A structured set of objections, weighed in public.

Desk editor's note, referee report, simulated authors' rebuttal, and a circularity audit. Tearing a paper down is the easy half of reading it; the pith above is the substance, this is the friction.

Referee Report

2 major / 2 minor

Summary. The paper introduces Ringmaster LMO, an asynchronous LMO-based momentum method for unconstrained stochastic nonconvex optimization. It extends the delay-thresholding mechanism of Ringmaster ASGD to discard overly stale gradients when performing LMO updates, establishes convergence guarantees under generalized (L0, L1)-smoothness, develops a parameter-agnostic variant with decreasing stepsizes and adaptive thresholds, and translates iteration bounds into time-complexity results under heterogeneous worker speeds. In the Euclidean smooth case the bounds recover the optimal time complexity of Ringmaster ASGD. Experiments on stochastic quadratics and NanoChat pretraining illustrate improved robustness to system heterogeneity relative to synchronous and asynchronous baselines.

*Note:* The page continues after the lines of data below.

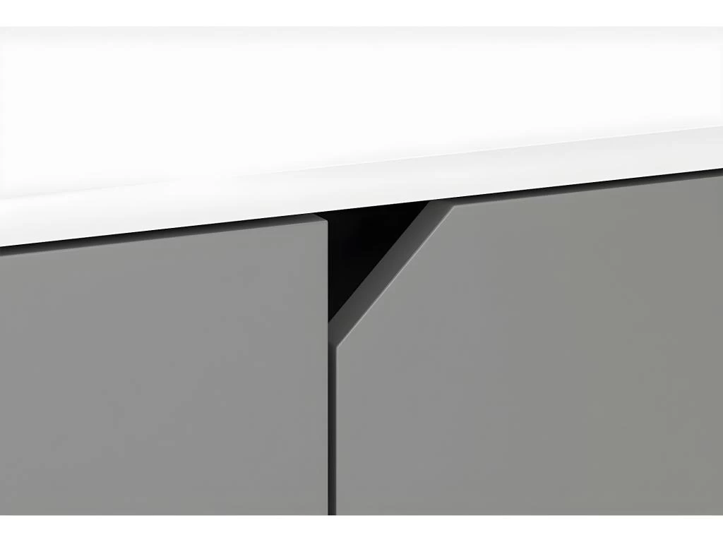 - Buffet équipé de 4 portes asymétriques et 2 tiroirs montés sur coulisses à billes, pour un plus grand confort d’utilisation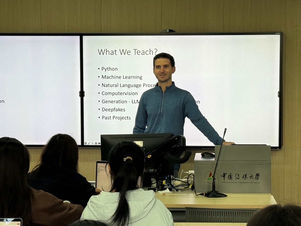 (通讯员 马汀怡摄影 任天威)为提升学生的AI素养,并使新生更好理解人工智能和机器学习在新闻传播中的应用,国际传媒教育学院与密苏里大学新闻学院联合举办了传播学新生专题讲座之“人工智能应用和深伪识别”。该讲座由密苏里大学卡莱布·海因茨曼博士主讲。 本次讲座内容涵盖Python编程、机器学习、自然语言处理、计算机视觉、生成式模型及深度伪造等多个关键领域,生动展示了AI如何重塑信息生产与传播方式。海因兹曼老师还展示了其团队开发的深伪检测平台“Deeptector.io”,该平台通过卷积神经网络与长短期记忆模型结合,实现对伪造视频的智能识别,准确率高达84%。在大数据人工智能高速发展的当下,虚假信息持续泛滥,不仅干扰公众认知,更对新闻真实性及社会信任体系构成严峻挑战。海因兹曼老师从专业的角度提醒大家应秉持对技术发展的信心,但也不能对技术乱象掉以轻心,引导大家思考从“技术向善”的方向使用技术,更好地为新闻传播而服务。 本次讲座有益启发新闻传播学科的新生应主动理解AI技术的底层逻辑,也要学会以更专业的视角应对 AI时代信息传播的新课题。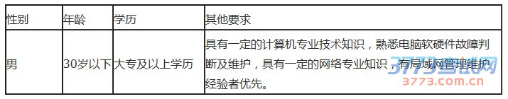 招聘网络管理员1人,负责我局办公电脑的一般维护,网络运行维护、办公设备日常维护及处理等工作。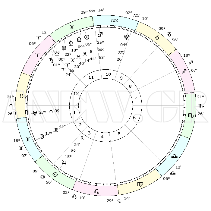 | | ΘΕΣΕΙΣ ΠΛΑΝΗΤΩΝ ΑΣΤΡΟΛΟΓΙΚΟΥ ΧΑΡΤΗ ΤΗΣ ΣΤΙΓΜΗΣ ΑΥΤΗΣ | | | | Πλανήτης | Ζώδιο | Μοίρες | Δεκαήμ. | Σε οίκο | Απόκλιση | | Ακμές των οίκων | | Ηλιος | Ιχθείς | 06°41' | Πρώτο | 12 | 09 S 03 | | 1ος | 19°33' | Κριός | | Σελήνη | Δίδυμοι | 16°48' | Δεύτερο | 2 | 27 N 59 | | 2ος | 24°41' | Ταύρος | | Ερμής | Ιχθείς | 22°29' | Τρίτο | 12 | 00 S 37 | | 3ος | 19°24' | Δίδυμοι | | Αφροδίτη | Ιχθείς | 18°36' | Δεύτερο | 12 | 05 S 48 | | 4ος | 11°09' | Καρκίνος | | Αρης | Υδροχόος | 25°50' | Τρίτο | 11 | 13 S 56 | | 5ος | 04°37' | Λέων | | Δίας | Καρκίνος | 15°24'R | Δεύτερο | 4 | 22 N 53 | | 6ος | 05°20' | Παρθένος | | Κρόνος | Κριός | 01°24' | Πρώτο | 12 | 01 S 24 | | 7ος | 19°33' | Ζυγός | | Ουρανός | Ταύρος | 27°39' | Τρίτο | 2 | 19 N 27 | | 8ος | 24°41' | Σκορπιός | | Ποσειδώνας | Κριός | 00°55' | Πρώτο | 12 | 00 S 50 | | 9ος | 19°24' | Τοξότης | | Πλούτωνας | Υδροχόος | 04°26' | Πρώτο | 10 | 22 S 53 | | 10ος | 11°09' | Αιγόκερως | | Β. Δεσμός | Ιχθείς | 09°15' | Πρώτο | 12 | 08 S 06 | | 11ος | 04°37' | Υδροχόος | | Ωροσκόπος | Κριός | 19°33' | Δεύτερο | | | 12ος | 05°20' | Ιχθείς | | Μεσουράνημα | Αιγόκερως | 11°09' | Δεύτερο | | | |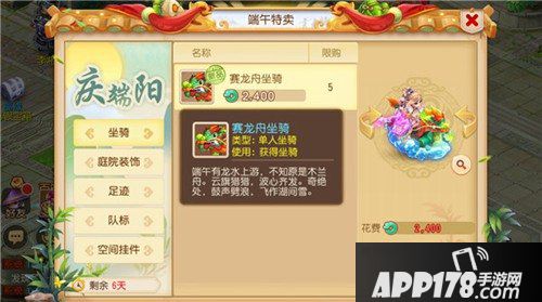 在体验齐心协力赛龙舟的同时,别忘了,全新赛龙舟坐骑也已经上线了端午特卖商城!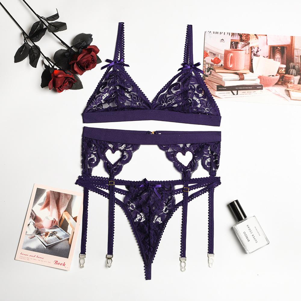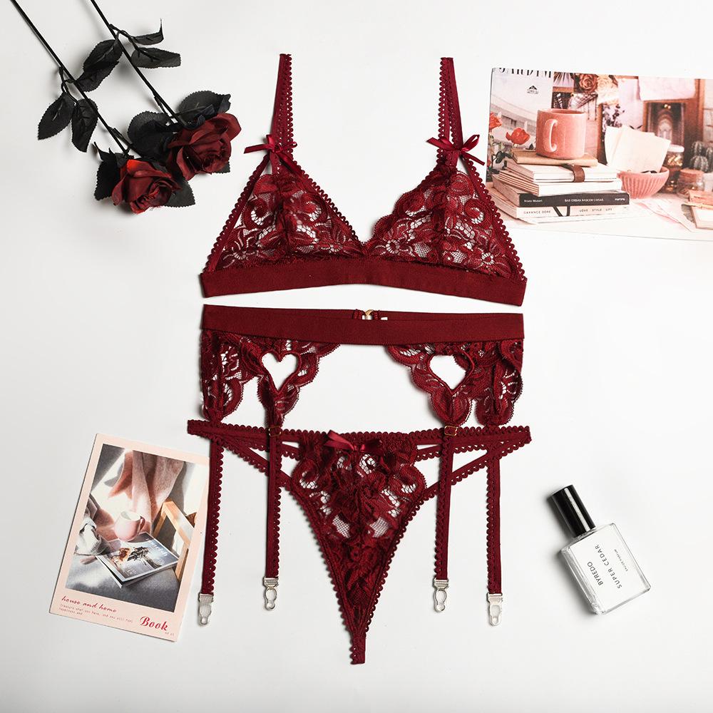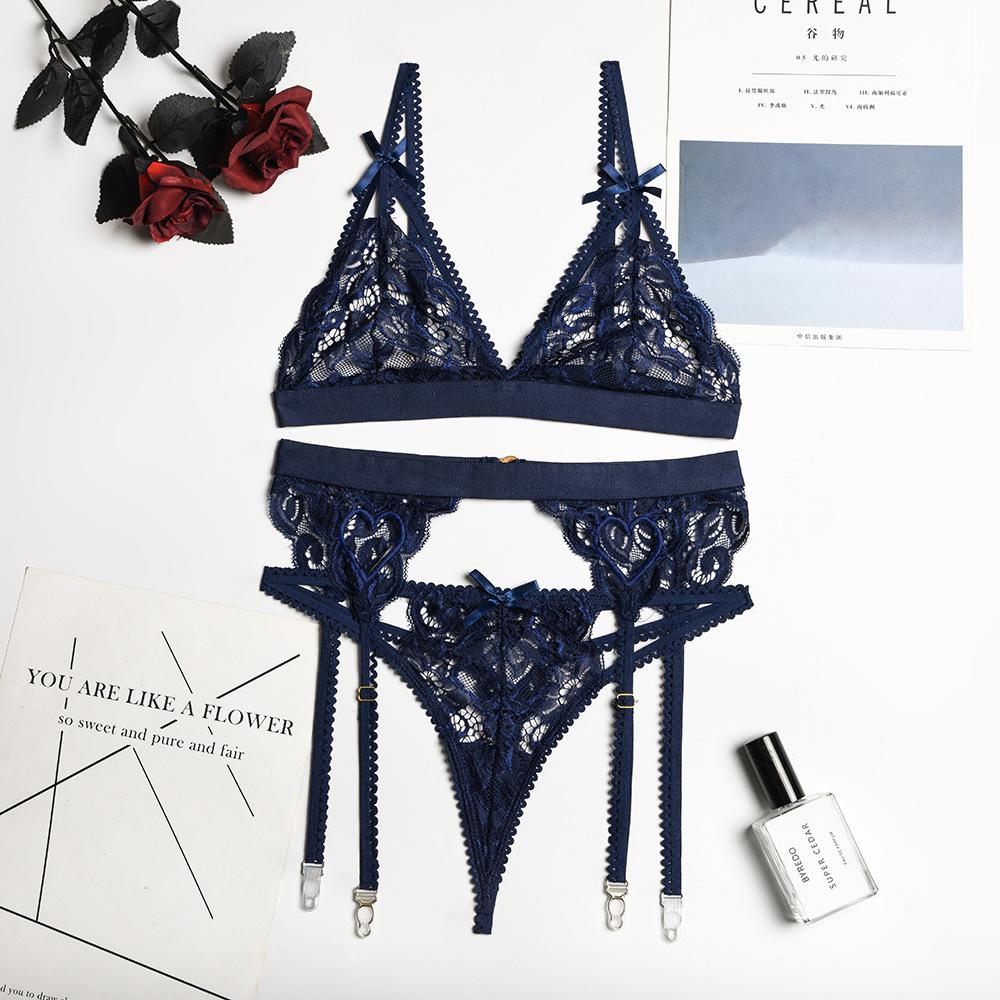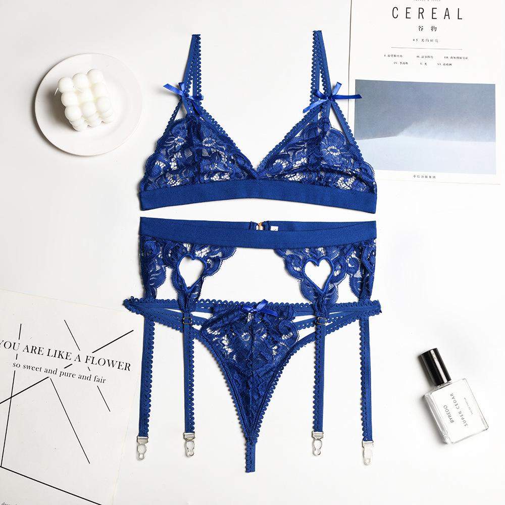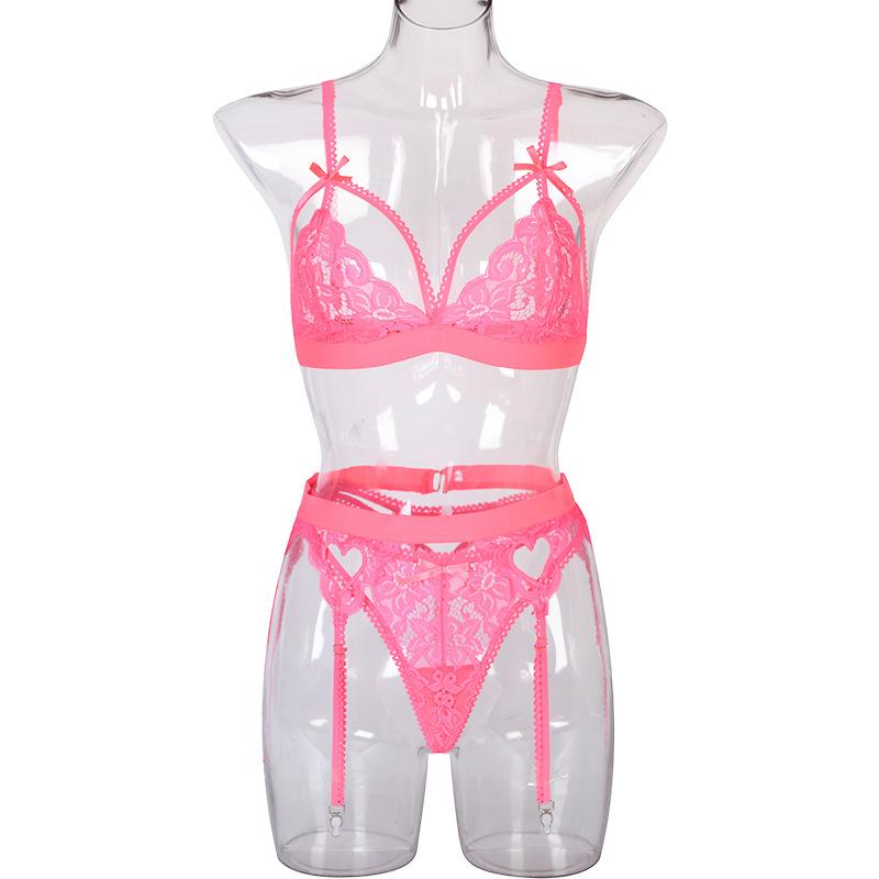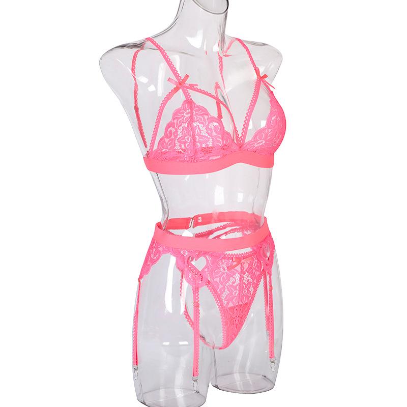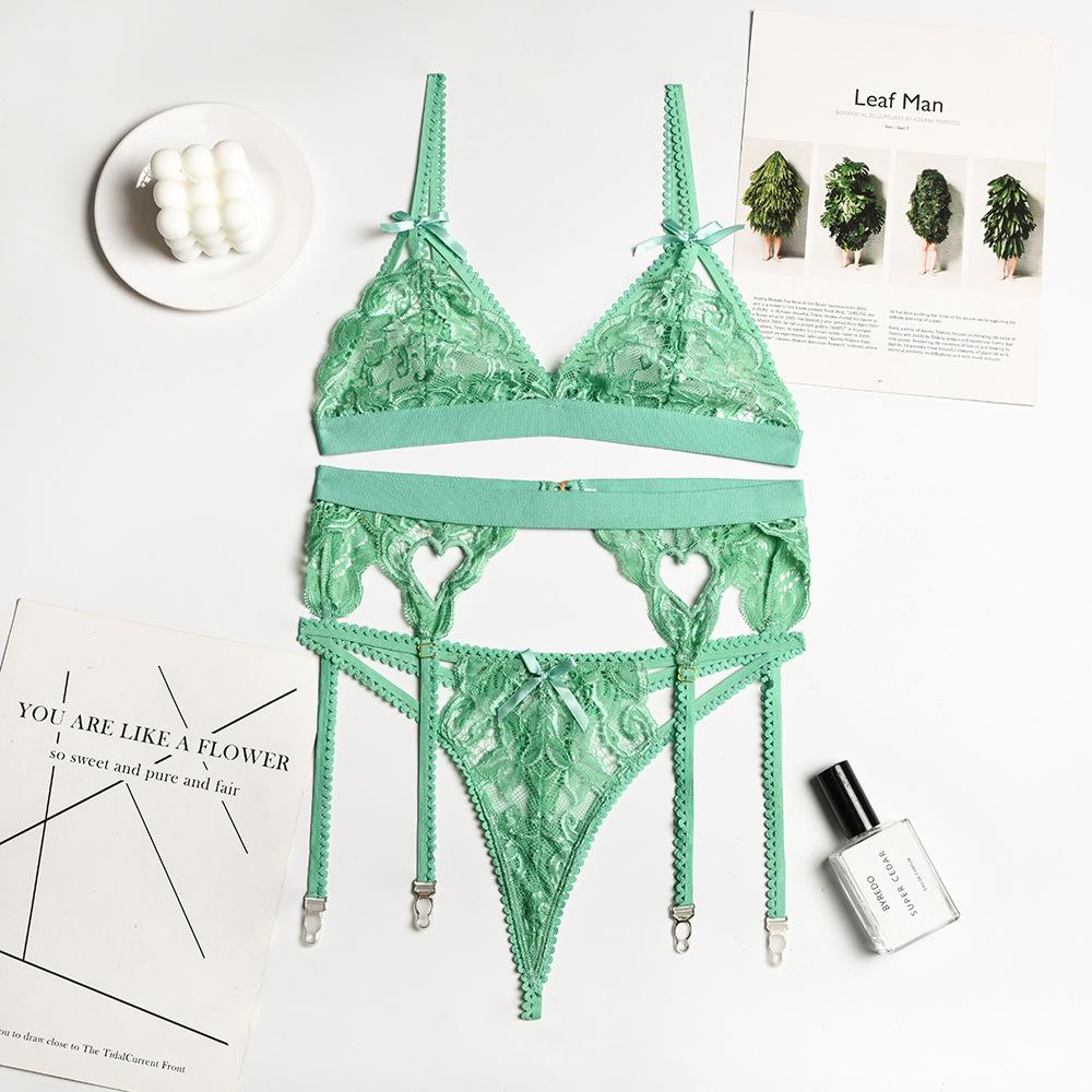 Эротическое нижнее белье, женское разноцветное сексуальное кружевное нижнее белье на подтяжках с бантом и узлом, комплект из трех предметов

Significance. If the central extension of delay-thresholding to LMO momentum is rigorously justified, the work would be significant: it supplies the first theoretical support for asynchronous training of modern LMO-based optimizers such as Muon, together with explicit time-complexity translation and empirical evidence on language-model pretraining. The parameter-agnostic variant and recovery of known optimal rates are additional strengths.

major comments (2)
  1. [Convergence analysis (section on guarantees under generalized smoothness)] The central claim that the delay-thresholding rule extends without modification to LMO momentum rests on the assumption that discarding a stale gradient leaves the momentum buffer with only a controllable bias. Because the momentum update couples past gradients (typically m_t = β m_{t-1} + (1-β) g_t) before the (possibly nonlinear) LMO is applied, a discarded stale g_t leaves a stale m_t whose error is not a simple linear combination of recent gradients. The convergence analysis must therefore derive an additional error term in the descent lemma that is absent from the ASGD case; without an explicit bound on this term under (L0, L1)-smoothness the iteration-to-time-complexity translation is not yet secured.
  2. [Definition of Ringmaster LMO and the delay-thresholding rule] The abstract states that the same delay-thresholding rule preserves identical convergence behavior for LMO-based updates. The manuscript should supply the precise statement of the rule (which gradients are discarded and how the momentum buffer is updated when a gradient is discarded) together with the corresponding lemma that controls the extra bias introduced by the stale momentum vector.
minor comments (2)
  1. [Parameter-agnostic variant] The description of the parameter-agnostic variant would benefit from an explicit statement of how the adaptive delay threshold is computed from observed worker times, including any constants that must be set in practice.
  2. [Experiments] In the NanoChat experiments, report the precise model dimension, number of training tokens, and the implementation details of the synchronous and asynchronous baselines so that the claimed advantage with increasing heterogeneity can be reproduced.

Simulated Author's Rebuttal

2 responses · 0 unresolved

We thank the referee for the detailed and constructive feedback. The comments highlight important aspects of the convergence analysis and algorithmic definition that we will clarify in the revision. We address each major comment below.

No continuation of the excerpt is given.